7.31.2008

$721/week

Here's a [quite well done] trailer for that farce I mentioned.


$721 a week, and the director has broadway credits and a tony.

7.30.2008

sometimes i really hate success


Being responsible and handling your life successfully means taking care of your body and getting annual checkups.

ugh.

I strongly prefer indirectly winning Tony awards.

7.26.2008

things you take home

A student anti-drug parade in Guayaquil. I've always been fascinated with how much of your personality is your conscious choice, and how much of it is just falling into the patterns of how other people expect you to act.

I think travel emancipates you from that. No one knows you. You can forget that you've always been shy, or that you've never liked fish. Or that you're a fantastic singer or an utter athletic failure.

I loved having a fresh start. I felt more fearless than I usually do. I felt more brave. I felt like someone who would travel through South America with a backpack. Not like someone who doubts herself so much, she has an entire blog about it.

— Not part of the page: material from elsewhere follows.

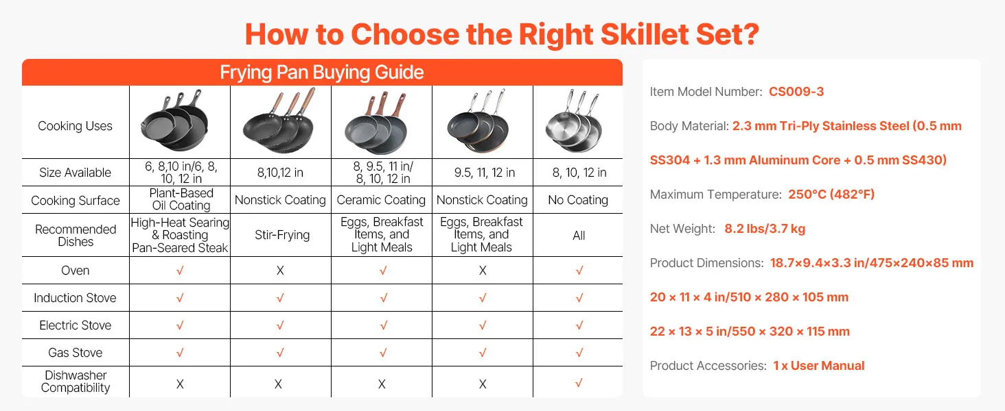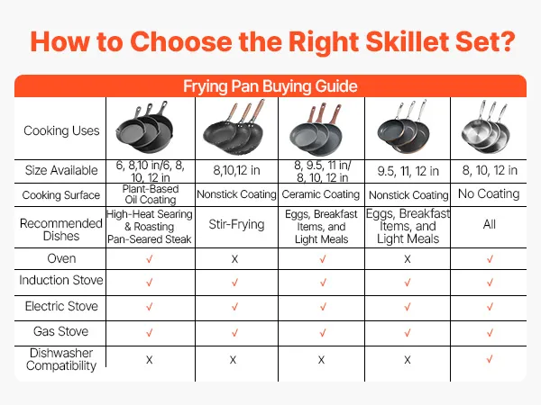 Works with All Cooktops: Suitable for frying, searing, steaming, simmering, baking, and stir-frying. This skillet set is compatible with gas, electric, and induction stoves, and can also be used in the oven for added cooking flexibility

I don't know how to hang on to that, and I don't want to lose it.

in recent news

FORMER NASA astronaut and moon-walker Dr Edgar Mitchell - a veteran of the Apollo 14 mission - has stunningly claimed aliens exist.

This guy has either forever eradicated every jot of his personal success, or he has raised himself to a new, unprecedented level of it.

crowd pleasers

In high school, a friend and I took a mini-road trip to Grand Prairie, TX, to see a half-step-above-community-theater theater. What, to us, was "professional theater."

Holy CRAP, was that a horrible play.

The play was a farce - full of wacky compromising situations, mugging, and just the WORST kind of acting. Just a dumb, dumb, dumb show that only managed to communicate one thing, and that was that the audience was even dumber. And the crowd ATE IT UP.

I have an audition for this same play next Monday. It's going up soon at a viable, commercial theater. They're expecting it to be an open run. They're paying something close to a living wage. They clearly expect people to EAT IT UP.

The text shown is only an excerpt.